The MBCF cfDNA sequencing service provides a fully optimized, end-to-end workflow for targeted next-generation sequencing of cell-free DNA from patient plasma. The method is specifically engineered for low-input samples and incorporates duplex sequencing error suppression, enabling reliable detection of somatic variants at low variant allele frequencies (VAF).

This service supports custom-designed targeted capture panels. Because panel size and project-specific sensitivity targets drive sequencing depth requirements, all projects are quoted individually. 

Please contact us to discuss your project before submitting samples.

How it works

The workflow was developed and validated in-house at MBCF and consists of four core stages:

  1. Adapter ligation — cfDNA fragments are ligated to adapters containing dual unique molecular identifiers (UMIs), which label both strands of each original DNA molecule. We use the IDT xGen cfDNA & FFPE DNA Library Preparation Kit, selected for its high ligation efficiency with low-input and fragmented DNA.

     

  2. PCR amplification with icon96 — Library amplification is monitored in real time via fluorescence using the icon96 instrument. Rather than running a fixed number of PCR cycles, amplification is terminated automatically when each sample reaches a defined fluorescence threshold. This sample-specific cycle control compensates for variable input amounts and ligation efficiency resulting in normalized library yields.

     

  3. Hybrid capture — Libraries are pooled and hybridized to custom-designed biotinylated probes targeting regions of interest. Probe design, hybridization conditions, and wash stringency have been co-optimized to achieve on-target sequencing rates above 90%.

     

  4. Sequencing and duplex consensus calling — Sequencing is performed on the Illumina NovaSeq X Plus. After sequencing, reads from each strand of a UMI-tagged fragment are independently collapsed into single-strand consensus sequences. Complementary strand pairs are then matched to generate duplex consensus reads. Only variants present on both strands of an original molecule are called as true variants, reducing the effective sequencing error rate from approximately 10⁻³–10⁻⁴ (standard Illumina) to approximately 10⁻⁶–10⁻⁷ — a 100–1,000-fold improvement.
Applications
  • Minimal residual disease (MRD) detection and monitoring
  • Tumor evolution and clonal dynamics
  • Treatment response monitoring via serial liquid biopsy
  • Low-frequency somatic variant detection (SNVs, indels)
  • Copy number variation (CNV) analysis
  • Multi-gene custom targeted panels (~100 kb–1 Mb range)
Sensitivity and input material

 

Sensitivity in cfDNA sequencing is fundamentally limited by the number of input DNA molecules. More input material produces more duplex consensus reads, which directly increases the ability to detect low-frequency variants. The relationship between input amount and achievable sensitivity should be considered carefully when designing a project.

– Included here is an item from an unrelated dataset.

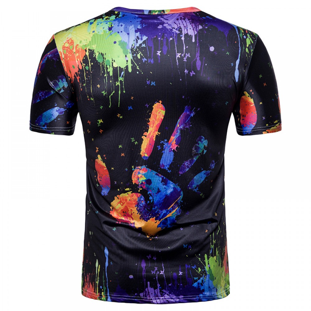 Men's 3D Shirt Splash Ink Printing T-Shirt Palm Printing Graffiti T-Shirt

As a general guide based on our internal validation data:

  • 1–10 ng input: Suitable for moderate-sensitivity applications. In validation experiments using reference standards, reliable variant detection was demonstrated at VAFs of approximately 0.5% (1 ng input) to 0.25% (10 ng input). These figures are based on controlled conditions and may not fully reflect performance with patient-derived samples of variable quality.
  • Higher input (>10 ng, ideally >50 ng): Required for ultra-sensitive applications targeting VAFs below 0.1–0.25%. The practical lower detection limit for any given project depends on input amount, panel size, and achievable sequencing depth. Projects with ultra-low VAF targets should plan for higher input material where possible.

We will work with you during project planning to estimate the sequencing depth and input requirements needed to meet your sensitivity goals. Please note that these estimates will be conservative, and actual performance may vary depending on sample quality and tumor biology.